Il maggiorasco poi dei primogeniti non consiste solo in una certa parte destinata per il decoro del primogenito, ma bisogna dire che questi è come l’unico erede universale, e non dà ai fratelli maschi che una menoma parte e questa quasi come arbitraria. A questo proposito ecco il fatto che accadde attualmente qui al proprietario del terreno dove è piantata la nostra chiesa: egli è un buon vecchio cadente, il quale ha quattro figli. Il suo secondogenito che è uomo maturo, era stato appena nato, gettato alle jene per un dubbio della sua legittimità, quindi preso da qualche vicino ed allevato, non è contato nel numero dei figli. Questo buon vecchio, nostro padrone, vorrebbe lasciare un piccolo terreno di poche stara ad uno dei piccoli figli che è il suo beniamino; cosa che sarebbe un nulla in confronto dei vasti terreni che ha; eppure non può per l’opposizione del primogenito. Io ho fatto del tutto per combinarli e pacificarli; ma non ho potuto riuscirvi, e temo che finiranno per battersi. Le donne poi non hanno numero affatto nella successione, dimodoché chi muore senza maschi la sua eredità passa in pieno al più prossimo parente.
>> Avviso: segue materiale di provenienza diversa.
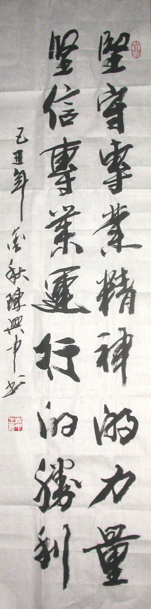 經(jīng)過不懈的努力和實(shí)踐,他終于掌握了用指的方法和規(guī)律,認(rèn)識到只有下手快而準(zhǔn),才能酣暢淋漓,一氣呵成。現(xiàn)在,他能蘸墨一揮寫下11個(gè)大字。
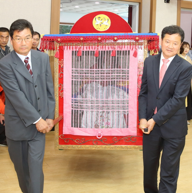 그리고 6일날 가산면 평생학습복지센터에서 열린 할매할배의 날 행사의 주인공이자 금혼식의 주인공인 용수리 주민 박유윤․이연이 부부는 주민들이 직접 제작한 가마를 타고 전통혼례식으로 금혼식이 치러졌다 그야말로 본인들 뿐만 아니라 주민들에게도 동네잔치였다
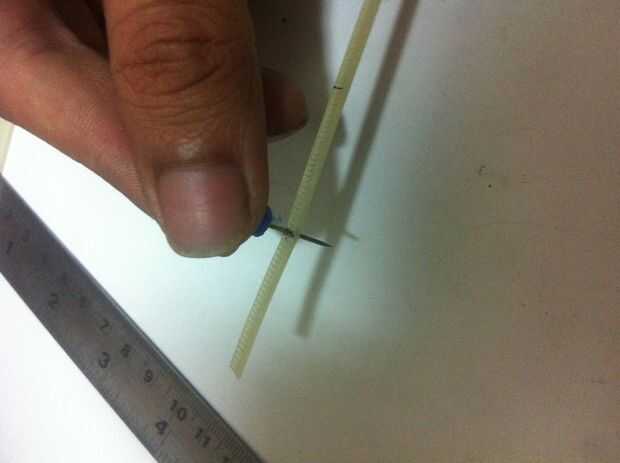 -Marcos 6 marcas cada 2,5 cm una de otra como se muestra
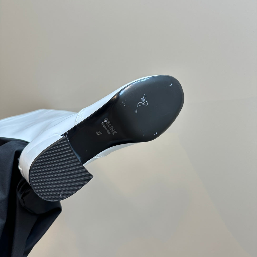 TRIPHOME CHUNKY HEEL BOOTS IN WHITE SHEEPSKIN
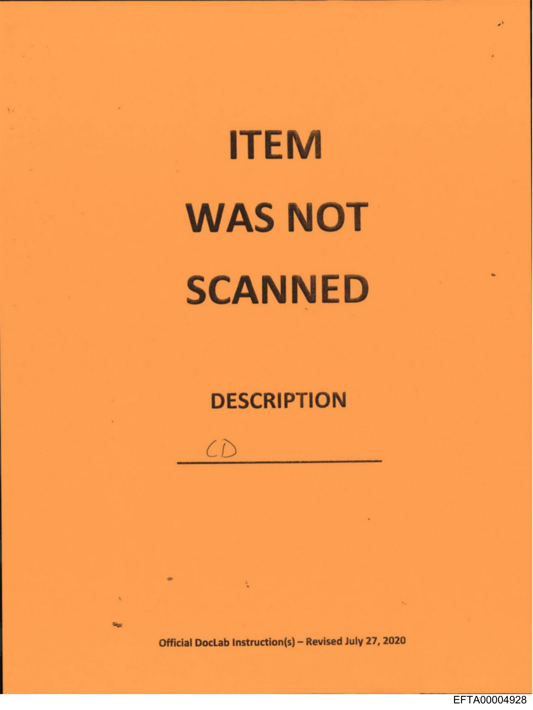 The image shows a yellow slip of paper with black printed text and a handwritten entry. The text on the paper reads "ITEM WAS NOT SCANNED" followed by an empty field labeled "Description" where no details have been filled in, apart from a handwritten note that appears to be an abbreviation or code. There is also a section titled "Official Use Only" with pre-printed fields for date and signature, which are blank. The background of the image is not clearly visible due to the focus on the paper.
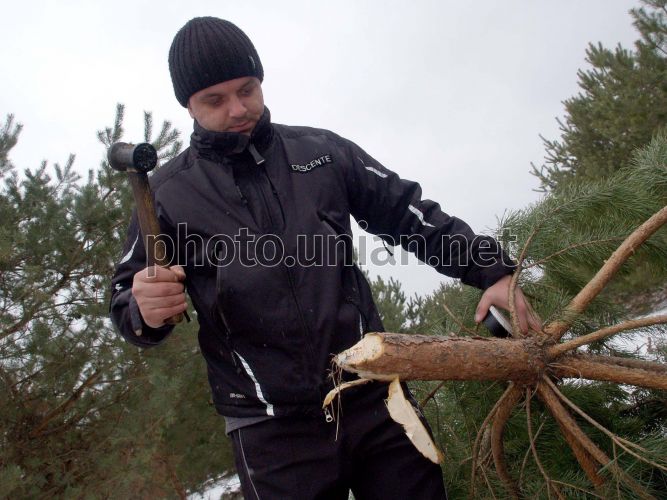 Старший лісничий клеймить ялинку для новорічного продажу в одному з лісгоспів Харківської області в четвер, 20 грудня 2007 р. Фото Володимира Андрєєва / УНІАН
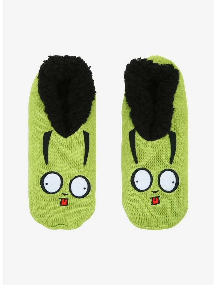 All those snacks put you in a food coma? Kick your feet up and relax with theseΒ Invader Zim cozy slippers! Featuring GIR’s dog face embroidered on the top, sherpa lining and non-slip grips.
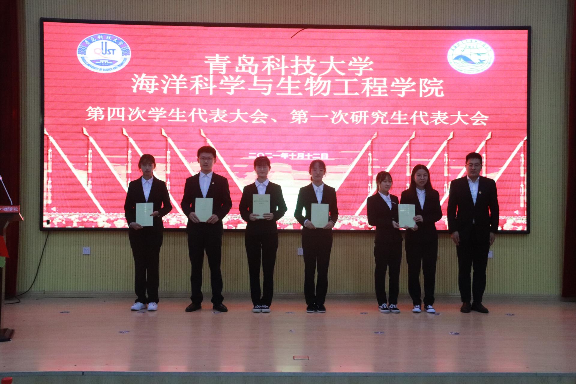 大會選舉產生了學院第四次學生代表大會常任代表和第四屆學生會主席團、第一次研究生代表大會常任代表和第一屆研究生會主席團、青島科技大學第二十四次學代會、第三次研代會海洋學院代表。
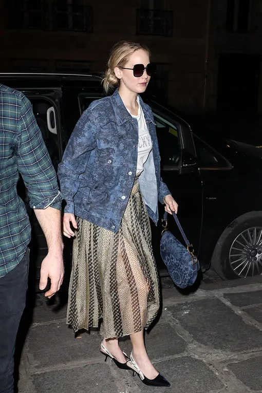 Вечером 27 февраля папарацци подловили звезду на улицах Парижа в многослойном образе: на ней была летящая юбка в пол, простая белая футболка с серой надписью, джинсовка будто с мужского плеча и изящные черные туфли Dior с открытой пяткой. Звезда спешила обратно в свой отель после насыщенного дня и явно не хотела попадаться на глаза фотографам: ее лицо скрывали крупные солнцезащитные очки. Но сложно остаться неузнанной, когда ты — Дженнифер Лоуренс!
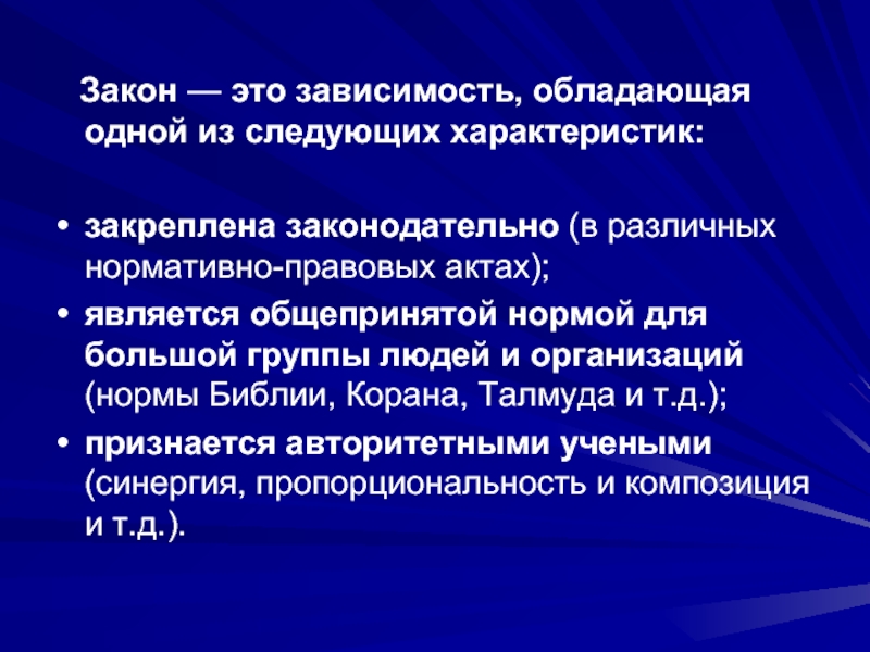 Слайд 8  Закон — это зависимость, обладающая одной из следующих характеристик:
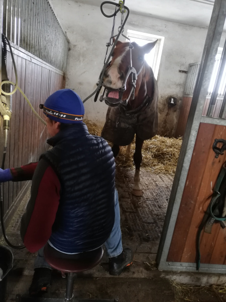 Důležitá je spolupráce pacienta a doktora. A pacienti jsou koně, kteří mají rádi řád a pravidelnost. Proto je dobré mít koně při úpravě zubů v boxu, kde je zvyklý být a ošetření snese lépe. Pokud nemáte box, postačí i přístřešek nebo nějaké místo, kde bude kůň mezi stěnami a nacouvá maximálně do nich, když nebude plně s úpravou chrupu souhlasit. Zcela zásadní je ale elektřina, bez které zubařská bruska nefunguje...
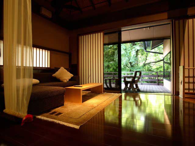 三千坪の広大な敷地にある一日3組限定離れの客室。“大人の隠れ家”で心ゆくまで源泉かけ流しをご堪能。

La figlia senza nessun suo consenso è data in matrimonio, o meglio venduta come schiava, e il suo matrimonio è solubile per parte del marito ed indissolubile per parte di lei. Parlando finalmente della corruttela dei Galla, e più ancora dei Sidama /325/ si trovano delle cose che non si trovano, come credo, in tutti gli altri paesi nomadi, massime in Kafa, dove il figlio per atto pubblico eredita le mogli del suo padre, ed il padre quelle del suo figlio, e le primizie nelle nozze del figlio sono di diritto al padre... ciò sia detto per segnale, e poi viene di seguito una storia orrida.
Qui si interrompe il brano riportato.